Avant de reprendre et retravailler le motif en mode romantique, écologique, Ally rempile, avec Short Circuit (1986), baptisé au Québec Cœur circuit, j’applaudis, notre John guère à la gomme esquisse l’amour et utilise le compte à rebours, variante stressante du « temps réel » et mortel de Meurtre en suspens (Nick of Time, 1995). Au-delà de son attitude positive, de sa leçon d’émancipation, de responsabilisation, conservatisme à réjouir l’admiratif Ronald Reagan, WarGames partage avec La Guerre des étoiles (1977) de Lucas un papier-peint œdipien, certes assourdi, démuni de dilemme identitaire et tragique. Face à la « futilité » de Falken, faucon découragé, ermite remercié, mari puis père endeuillé, cinéphile de jadis, clin d’œil à Ray Harryhausen compris (Un million d’années avant J.C., Chaffey, 1966), le pirate Lightman, bien nommé, expose sa lumière et sa légèreté, déguisé en voyagiste pour Paris ou en touriste réintroduit. La candeur de l’acteur excède ses astuces de tricheur, l’irrespectueux lycéen (réplique drolatique) et le petit malin s’avère vite quelqu’un de bien, même s’il ne sait nager, même s’il sait sans doute à peine embrasser, clavier à ne pas toucher, pantalon reboutonné, revue (« de cul » ?) recta cachée.
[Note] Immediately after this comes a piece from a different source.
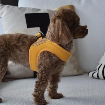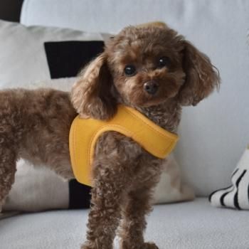 外側がフェイクスウェード、内側がメッシュで柔らかく体をホールド。脇も擦れずわんちゃんに優しいつくりとなっております。

Film pacifiste, humoristique (l’acronyme de la machine renvoie vers un célèbre hamburger),  transgénérationnel et consensuel, in extremis muni d’un harmonica irrésistible façon Huckleberry Finn (Rubinstein alter ego musical de Badham), autant de raisons à son succès massif et mérité, WarGames bénéficie de l’expertise du département artistique, avec au joystick des contributeurs de valeur, énumérons les noms de James P. Murakami, side-kick d’Eastwood, Angelo P. Graham, partenaire de Peckinpah & Coppola, Geoffrey Kirkland, production designer pour Parker, Kaufman ou Cuarón.
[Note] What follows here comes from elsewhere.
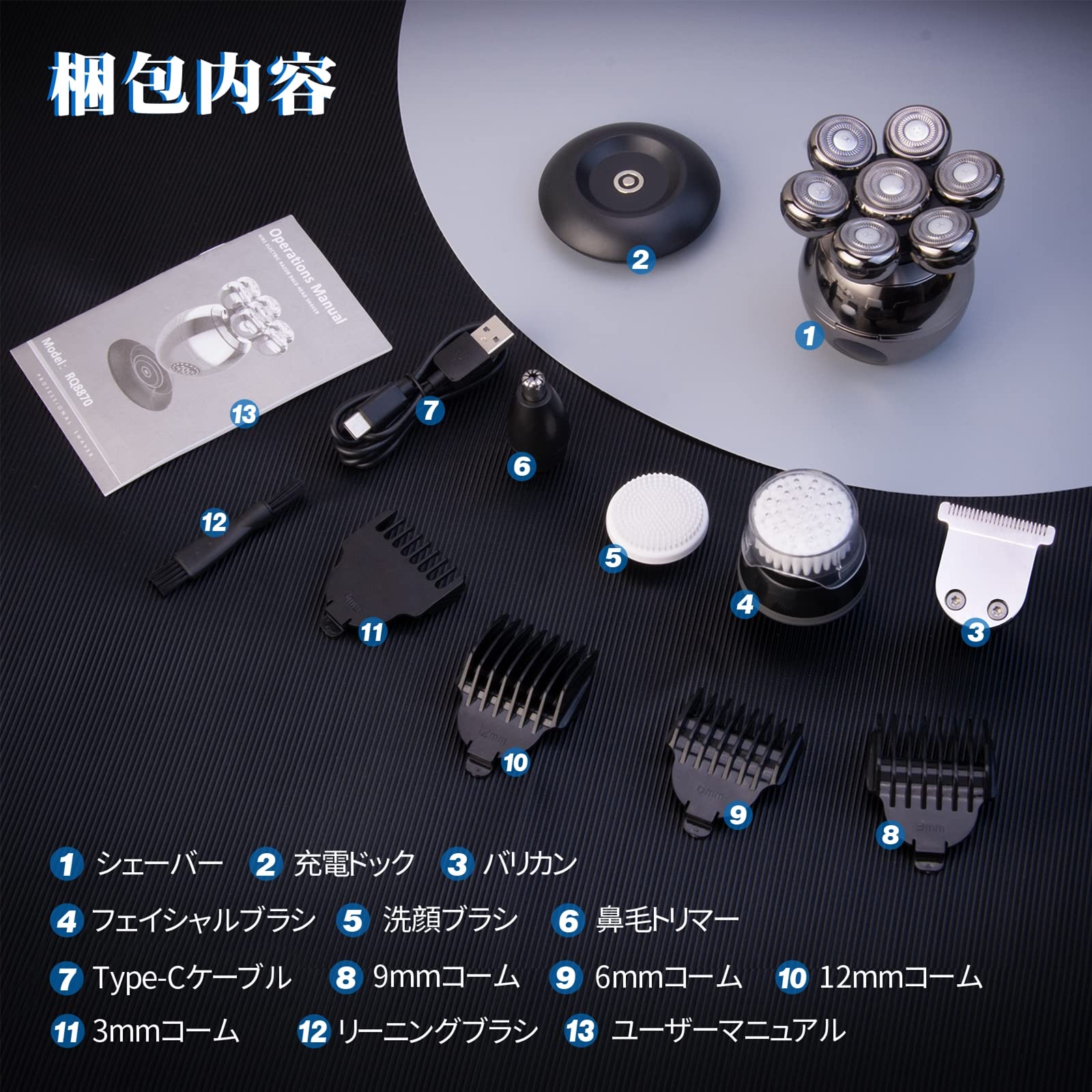 【6-in-1多機能電動シェーバー】回転式ひげそり スキンヘッド用シェーバー は取り外し可能な実用的なアクセサリーが付属:ロータリーシェーバー、バリカン、鼻毛トリマー、フェイシャルブラシ、洗顔ブラシ、クリーニングブラシ。また4つサイズのリミットコーム(6 mm / 9 mm / 12 mm/ 13 mm)を追加してます。日常すべてのニーズに合うひげそり 電動 スキンヘッド用シェーバーです

Alors que le conflit entre l’Ukraine et la Russie, poutiniste et non plus soviétique, en partie conduit en drones, s’apparente à un jeu vidéo géant, gênant, aussi dépressif que l’hymne intime de Lana Del Rey, dissimulez ces morts au creux du décor, que les soldats s’entraînent sur des simulateurs, que l’Union européenne belliciste, amnésique des massacres en ex-Yougoslavie, de sa complicité passive, inconsciente du peu d’importance de sa diplomatie, a fortiori franco-française, par elle-même démolie, se donne le beau rôle, devrait plutôt songer à balayer devant sa porte, au lieu de balayer d’un revers de main mesquin et policier ses paysans, ses opposants, on ne saurait déconseiller de visionner cet item pas tant visionnaire que salutaire, renversant le slogan discutable, redoutable et remis au (dé)goût du jour par les marchands d’armes de toujours, les présidents incompétents. « Si tu veux la paix, prépare la guerre » ? (Dé)jouer à la guerre pour pratiquer la paix, CQFD.